Discussion then moved to the overall purpose and plan for the questions.  

  • It was noted that if LPAC is going to undertake public engagement, we need to be clear on what we will do with what we learn.  If we cannot do this, and if the data is not subsequently used, it will be more difficult to engage people a second time. 
  • It was asked if we have a communications plan for this aspect of the work. If so, it should be aligned with the #LearnDay communications plan.
  • Who are we consulting with these questions?  Some felt these questions should be used to engage individual Islanders in discussion, especially those who did not have a voice in the school review process – both those who were in school families not affected by the review, and those who are not represented by a stakeholder group.  Others suggested they should be used to reach beyond the usual stakeholders to a much broader range of community organizations not normally part of education discussions, such as harbour authorities and watershed groups.  It was noted that the questions do not fit all these audiences, and might need to be modified to fit the target groups.

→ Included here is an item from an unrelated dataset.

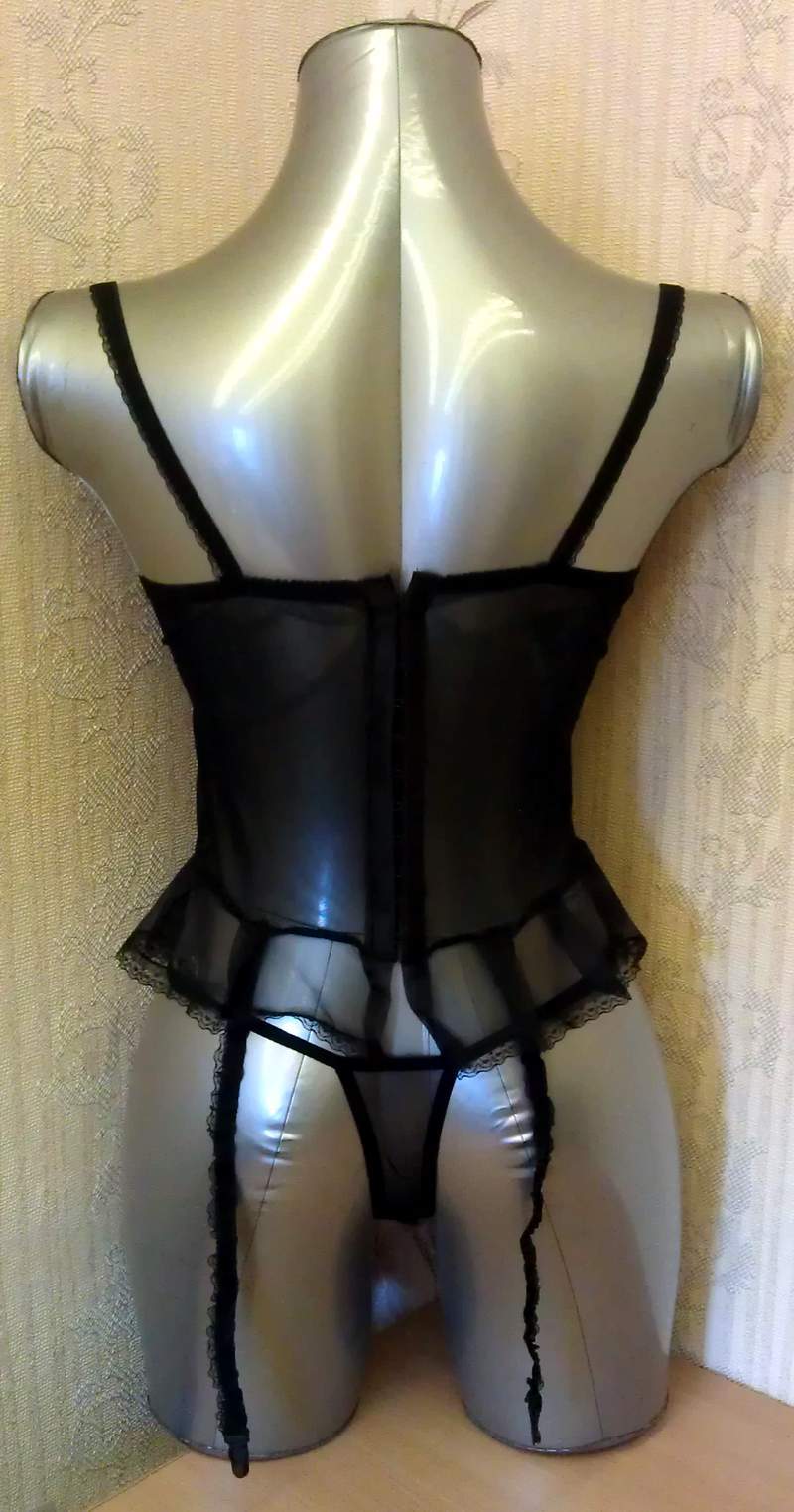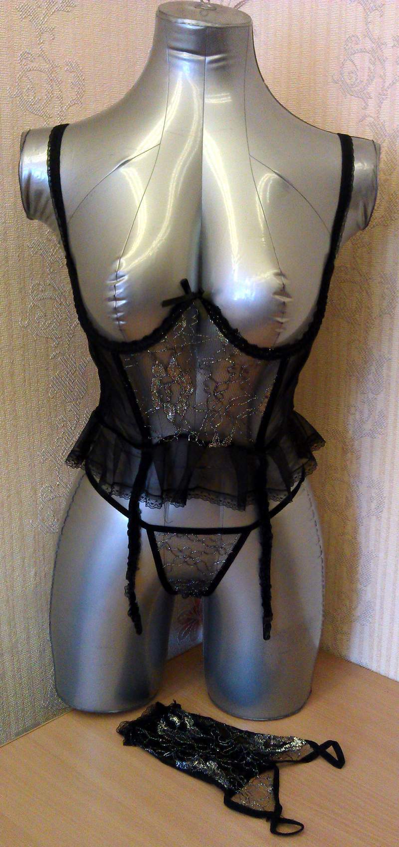 Сексуальный комплект с открытой грудью из полупрозрачного тонкого материала, вышитого серебряной нитью. Топ сзади на застежке - крючочках.

In sum, it was concluded to look to the #LearnDay event first for input, and then revisit this issue. The issue of how to work with the DACs will be further considered at that time.

7. Overview of Learning Metrics

Wendy MacDonald provided an overview of education and learning metrics and trends in response to specific data requests from Council members at previous meetings. The presentation provided information on the following matters:

  • Trends in the size and composition of the PEI labour force
  • Educational attainment of the labour force
  • Enrolment at UPEI and Holland College
  • The completion rate for high school, Holland College and UPEI, and how this compares to other jurisdictions.
  • Number of K-12 schools, teachers, EAs, and PSE professors/instructors.
  • Funding and resources for ELCC, K-12, PSE, Workforce training, and how this compares to other jurisdictions.

A point was raised that population and labour force projections for PEI had just been updated to reflect very strong continued population growth.  Accordingly, slides 3 to 5 have been updated to reflect these projections. 

8. Give and Get

In closing, the Co-Chairs thanked members for their contributions to the working groups and to the evening’s discussions. 

Co-chair MacLauchlan noted that the Council had been founded with a mix of two and three-year terms in order to balance renewal and continuity.  He indicated that his term on the Council was drawing to a close at yearend, and that his intent from the onset had been to serve an inaugural term during the Council’s initial years.  Accordingly, he plans to attend #LearnDay and the Council’s final meeting in late fall, and then complete his time on the Council on December 31, 2017.  

Co-chair Whelan noted an opportunity for Council members to attend a Roundtable on “Community Partners in Learning and Innovation,” hosted by the Council of Ministers of Education Canada (CMEC) in partnership with Canadians for 21st Century Learning and Innovation.  Two seats have been offered to the Council for the July 20 afternoon event. Interested members are to contact Co-chair Whelan and he will email them the invitation.